Frustrated middle-aged woman
John Sommer/Getty Images

Redditor BeeNo5344 is getting ready to send her son down the aisle to his bride, but an outfit disagreement has put a damper on this happy occasion.

The Original Poster (OP) and her future daughter-in-law are not seeing eye to eye.

This disagreement led the OP to the subReddit, “Am I the A**hole?” (AITA).

There she asked:

“AITA for not wanting to wear the ugly Mother of the Groom outfit my future DIL picked out ?”

She went on to explain.

“My son, 23, and his fiancee, 23, are getting married in early September. I, [44-year-old Female] was assigned “coral” as my color and picked out a fancy Calvin Klein dress in coral.”

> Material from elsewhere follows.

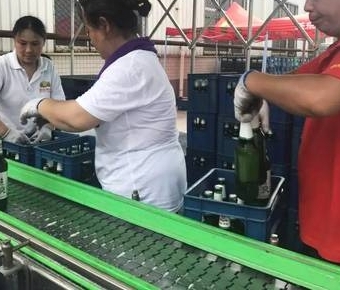 37度的高温闷热天气,为了保证市场供应,燕京啤酒(河南月山)有限公司联合车间和酿造车间的员工在车间干部的带领下,挥汗如雨的奋战在生产一线。

“It’s called the Starburst dress, and it’s a satin-type material. She wanted me to try it on the other day and has now decided it’s not motherly enough and wants me to wear this ugly chiffon pantsuit.”

“I told her I’m fine with what I got, and I’m not sure precisely what the issue is with my dress.”

“I offered to wear a shawl if my shoulders showing is the issue, but she said no, it’s too “sexy” period, and I need to look like a mother and dress my age.”

“I told her she is being ridiculous and I would rather just not go. Now she is all mad, and my son is upset and trying to mediate.”

The OP was left to wonder,

“AITA?”

The OP also provided some an image of a comparable pantsuit: 

Screenshot of Cicilia Mother-of-the-Bride pantsuit
Cicinia.com Pantsuit

Redditors weighed in by declaring:

    • NTA – Not The A**hole
    • YTA – You’re The A**hole
    • NAH – No A**holes Here
    • ESH – Everyone Sucks Here

Redditors decided:

“NTA. I’ve googled the CK Starburst dress – it’s basically a shift dress cut just above the knee, sleeveless but with wide shoulder straps and a wide boat neck.”

“It has gathers/tucks/pleats at the hip/waist that create a wide starburst of about six pleats from shoulder to low hip. It’s very business tidy and not sexy at all.”

“So this means… the OP must look DAMN HOT to carry it and look sexy.”

“And DIL wants her in a floaty chiffon 60yr olds outfit of many layers and basically designed for a woman with a broad spread.”

“Ahahaha. This means OP looks really hot, and DIL is sour because she doesn’t want a hot-looking MIL.”

“Let DIL buy the chiffon outfit. Give it to your mother to wear (groom’s grandmother). Wear the CK dress. Everyone wins!”

“EDIT: Someone has rightly pointed out that the groom’s grandmother deserves better. Update is to offer it to the brides mother.”

“That should sort the entire matter out. Either she wears it, or she recoils in horror. Problem solved.” – Particular-Try5584

“I’m almost the same age as you, and I’d honestly be furious if someone told me that I needed to dress more ‘motherly.’”

“And especially if they tried to force me to wear the hideous outfit that your FDIL [future daughter-in-law] is trying to make you wear.”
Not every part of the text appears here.